▸ **To do**
Pictures stay out of the copy. Repeat exactly the lines from the first entry below through the line that contains "据了解,2021年3月内蒙古", and nothing beyond.

***

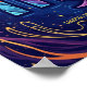 Eye-catching and colourful Virgo Astrology poster with sign and symbol surrounded in shades of blue and purple, along with yellow and coral. Poster also lists birth dates for Virgo and traits of Logical, Patient, and Reliable.
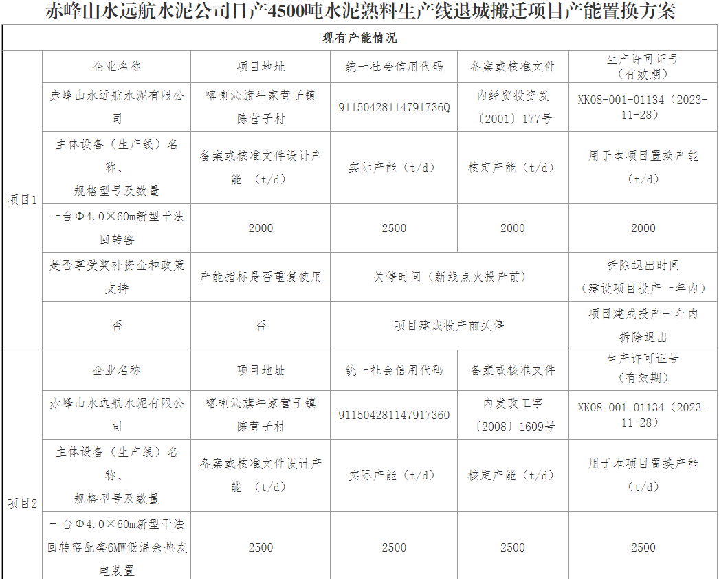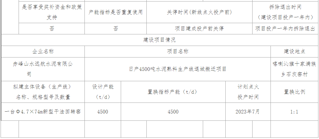 据了解,2021年3月内蒙古工信厅发布关于赤峰山水远航水泥有限公司日产4500吨水泥熟料生产线退城搬迁项目产能置换方案的公示,内容显示,赤峰山水远航水泥有限公司拟整合现有1条日产2500吨干法窑水泥生产线、1条日产2000吨干法窑水泥生产线,等量置换在喀喇沁旗十家满族乡石灰窑村建设1条日产4500吨水泥熟料生产线。项目计划于2023年7月点火投产。
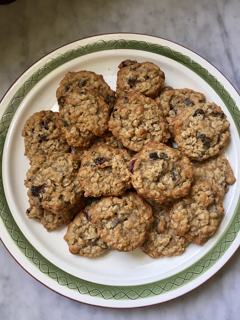 Thank you for reading Between the Layers! Please enjoy and share this free post with your friends. Who Needs Potpourri? Bake Fall Cookies - No. 249Oatmeal, molasses, and peanut butter are all flavors I crave this time of year + Barbara’s Oatmeal Raisin Cookie recipe.THIS PAST SATURDAY I WAS INVITED to speak about American baking at a meeting of The Jewish Historical Society of South Carolina in Columbia. That morning, we awakened to the news of the Hamas invasion of Israel. On a table at the back of the meeting room were trays of homemade cookies—rugelach from the ladies at the Beth Shalom synagogue, Sandra Polikaff’s sugar cookies dusted with cinnamon, and Lyssa Harvey’s chocolate meringue cookies. With a warm cup of tea or coffee, these cookies offered comfort to everyone in the room stunned by the tragic news. Cookies couldn’t do anything about a volatile Middle East conflict, and but they could offer familiarity and maintain traditions. The coastal South has a deep Jewish heritage, and congregations were founded in Savannah in 1735 and Charleston in 1749. By 1800, more Jews lived in Charleston than New York City. While I had already planned to write about cookies in this newsletter, those bites of Jewish history on the back table, many of them recipes from the book Kugels & Collards, gave me that extra push.
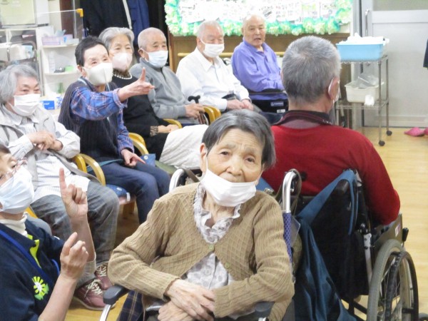 今回は、ご利用者様同士で楽しんでいただいたレクリエーション「あっちむいてホイ」のご紹介です。
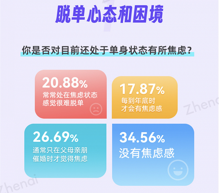 根据珍爱网发布的《2023年Q4单身人群调研报告》显示,只有34.56%处于单身状态的人没有焦虑感,而20.88%的人常常处在焦虑状态感觉很难脱单。因此不少人选择通过父母介绍、网上交友来提高脱单几率。

***

▸ **Your solution**
 Eye-catching and colourful Virgo Astrology poster with sign and symbol surrounded in shades of blue and purple, along with yellow and coral. Poster also lists birth dates for Virgo and traits of Logical, Patient, and Reliable.
 据了解,2021年3月内蒙古工信厅发布关于赤峰山水远航水泥有限公司日产4500吨水泥熟料生产线退城搬迁项目产能置换方案的公示,内容显示,赤峰山水远航水泥有限公司拟整合现有1条日产2500吨干法窑水泥生产线、1条日产2000吨干法窑水泥生产线,等量置换在喀喇沁旗十家满族乡石灰窑村建设1条日产4500吨水泥熟料生产线。项目计划于2023年7月点火投产。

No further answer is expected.